- [PROBLEM TO SOLVE]:
Leaving out every picture, copy the lines of the data exactly, from the first through the line containing "Welcome to our".

- [RECORD SET]:
*** Block opens ***
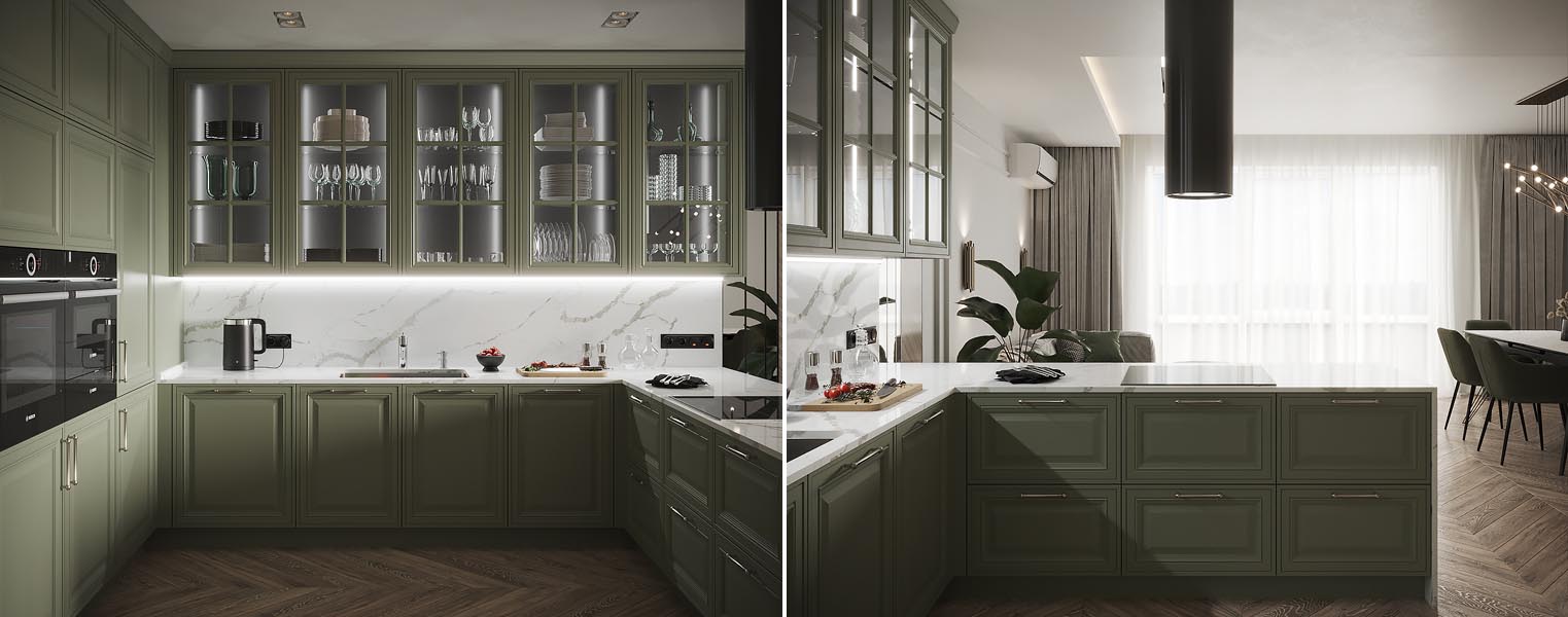 Красивая кухня с золотыми акцентами в двухкомнатной квартире бизнес-класса
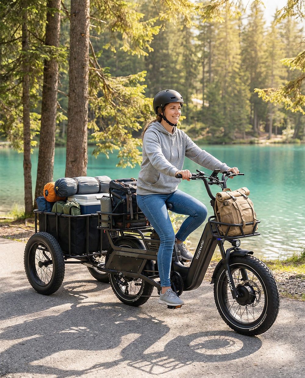 Built for extended camping trips and long-distance travel, the TESWAY C5 AWD Cargo E-Bike combines a dual-motor all-wheel-drive system with a high-capacity 52V 60Ah battery, delivering strong climbing power and a maximum range of up to 200 miles. With the ability to carry full camping gear comfortably and ride confidently over varied terrain, it’s made for riders who go farther—and stay longer.
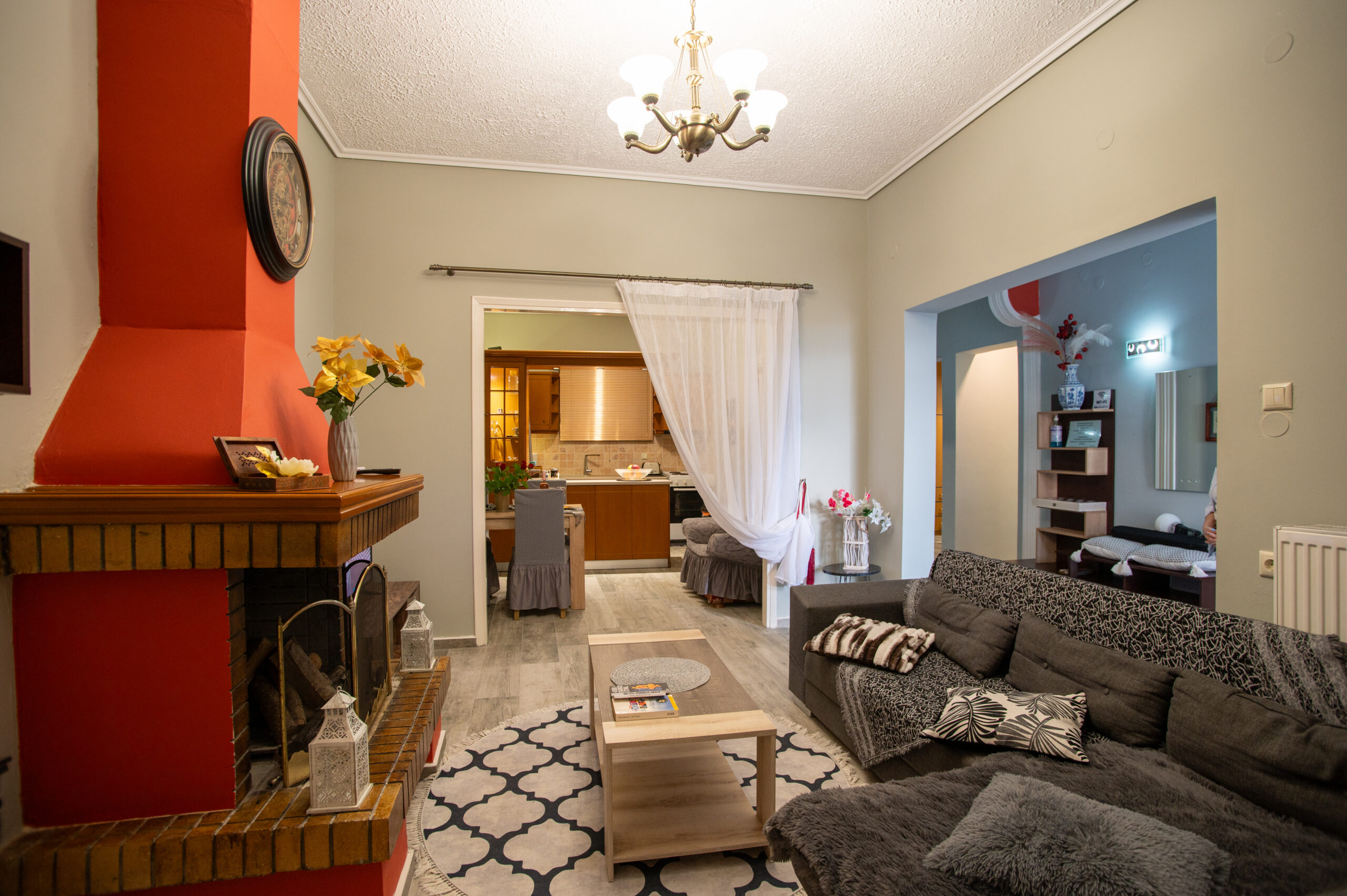 Welcome to our charming apartment, a perfect blend of modern style and cozy comfort, designed to feel like your home from the moment you step inside. Relax in the inviting living area, which features: A beautiful brick fireplace, comfortable seating for lounging and a large TV for your entertainment needs.Natural light and stylish decor, ensuring a bright and relaxing space for your entire stay.
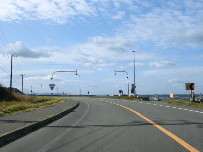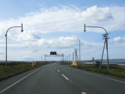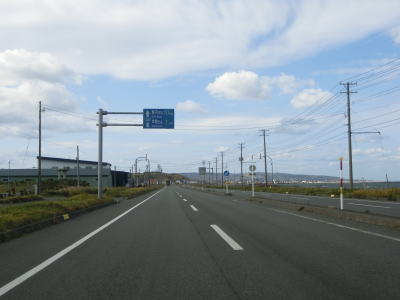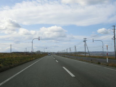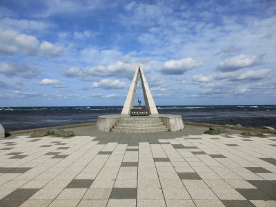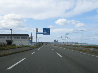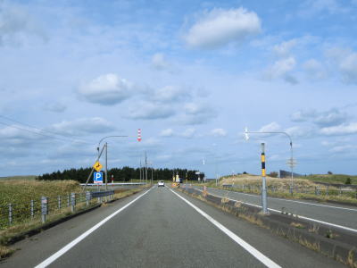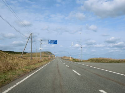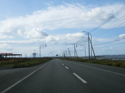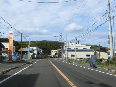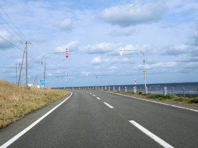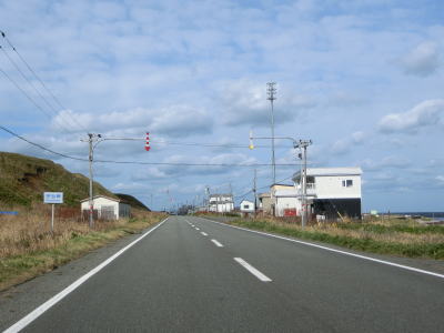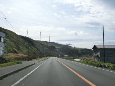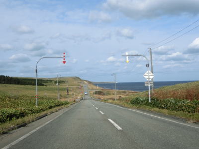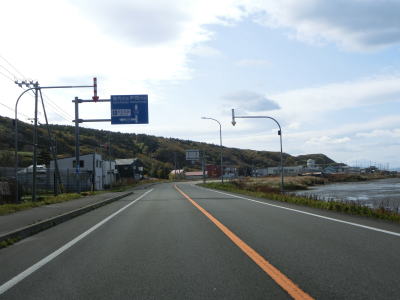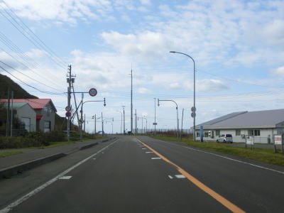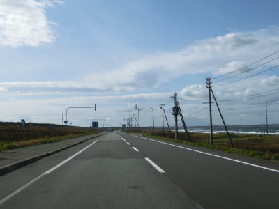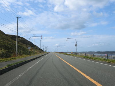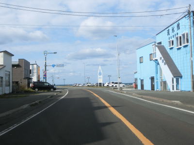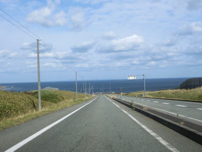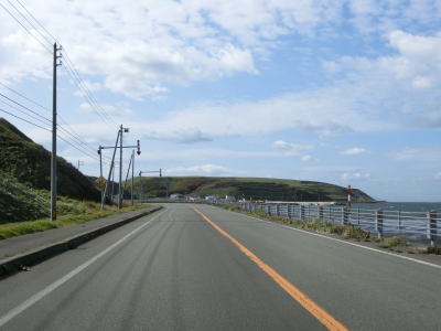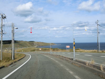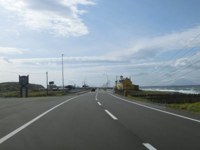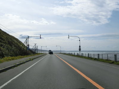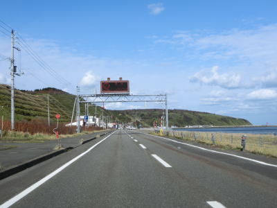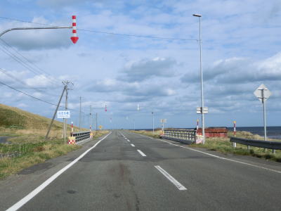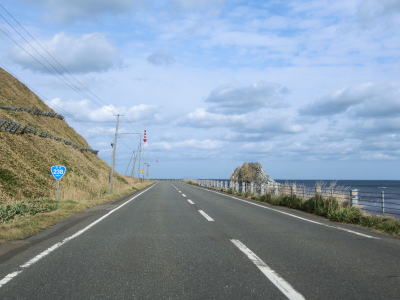 | 宗谷岬を過ぎてからも海沿いを走っているが、宗谷岬と樺太を結ぶラインが日本海とオホーツク海の境のため、宗谷岬から東は日本海に沿っているという事になる。平坦だがカーブの多い2車線道路を走るが、平日という事もあって好天の割に交通量は少ない。間宮林蔵渡樺出港の地の石碑の前を左にカーブしながら通過して清浜集落に入る。 | ||
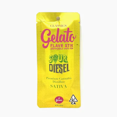 Sour Diesel a sativa that has an invigorating cerebral high that open up doors of creativity. Many people choose to smoke sour diesel at the beginning of their day for a head start. These artisanal products are designed to advance the evolution of the Cannabis industry into mainstream with a bit of colorful fun. The Gelato Brand and Family have a motto, "Do what is right over what is easy!". Flavors Diesel Lemon Citrus
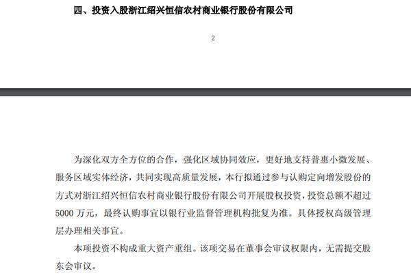 中国网财经12月31日讯 昨日,瑞丰农商行发布第五届董事会第六次会议决议公告。该行于2025年12月30日召开第五届董事会第六次会议。会议审议通过了《投资入股浙江绍兴恒信农村商业银行股份有限公司》的议案,该行拟通过参与认购定向增发股份的方式对浙江绍兴恒信农村商业银行开展股权投资,投资总额不超过5000万元,最终认购事宜以银行业监督管理机构批复为准。具体授权高级管理层办理相关事宜。
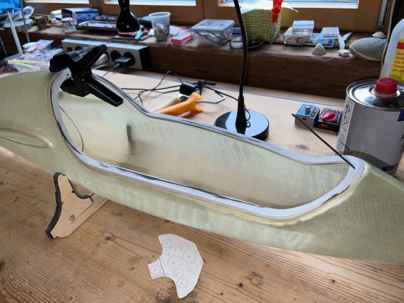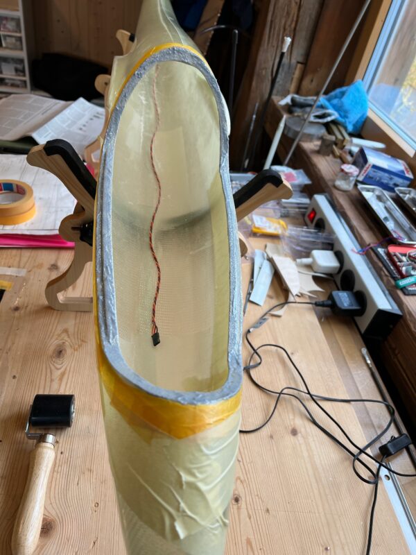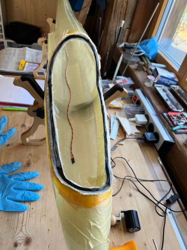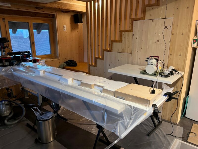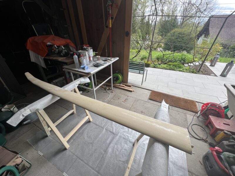 I’m only planning to finish the Monerai next winter and hope to maiden it in Spring 2024. Richi, our shaper, however already finished the mould for the Monerai’s fuselage pod and built the first pod. He also kindly waxed and spray painted the mould for me, and pre-cut the glass, so that I could easily build the fuselage pod in the mould myself.
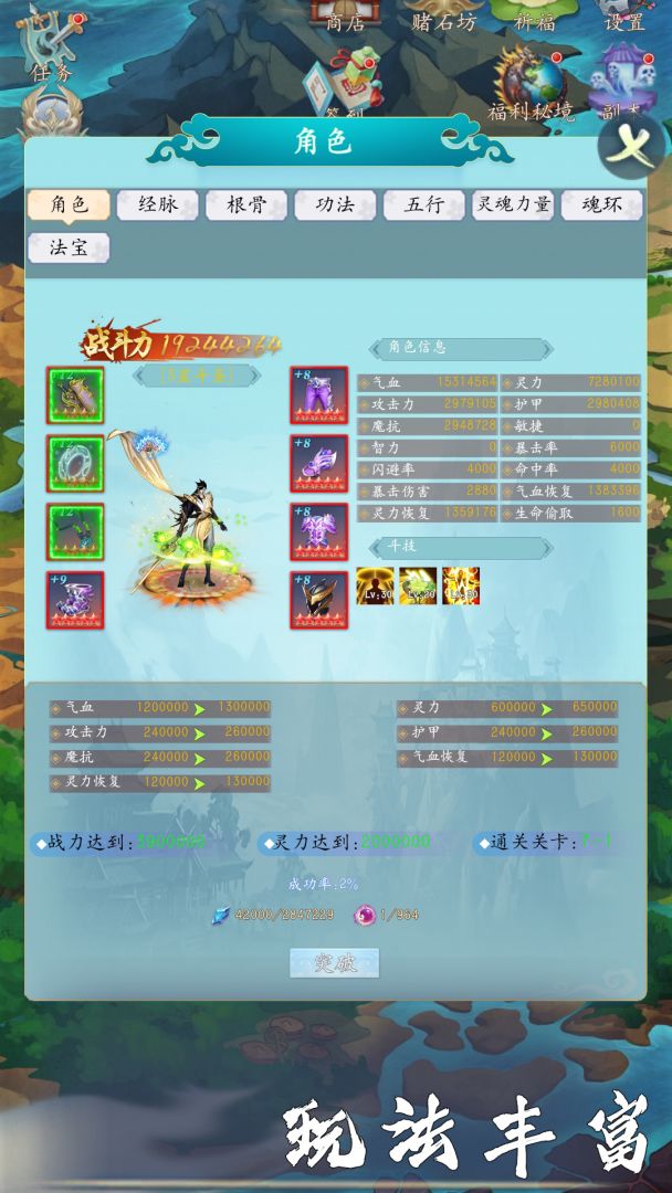 角色玩法-法宝、魂环、灵魂力量、五行、功法、根骨、经脉
*** Block closes ***
- [RESPONSE AREA]:
 Красивая кухня с золотыми акцентами в двухкомнатной квартире бизнес-класса
 Built for extended camping trips and long-distance travel, the TESWAY C5 AWD Cargo E-Bike combines a dual-motor all-wheel-drive system with a high-capacity 52V 60Ah battery, delivering strong climbing power and a maximum range of up to 200 miles. With the ability to carry full camping gear comfortably and ride confidently over varied terrain, it’s made for riders who go farther—and stay longer.
 Welcome to our charming apartment, a perfect blend of modern style and cozy comfort, designed to feel like your home from the moment you step inside. Relax in the inviting living area, which features: A beautiful brick fireplace, comfortable seating for lounging and a large TV for your entertainment needs.Natural light and stylish decor, ensuring a bright and relaxing space for your entire stay.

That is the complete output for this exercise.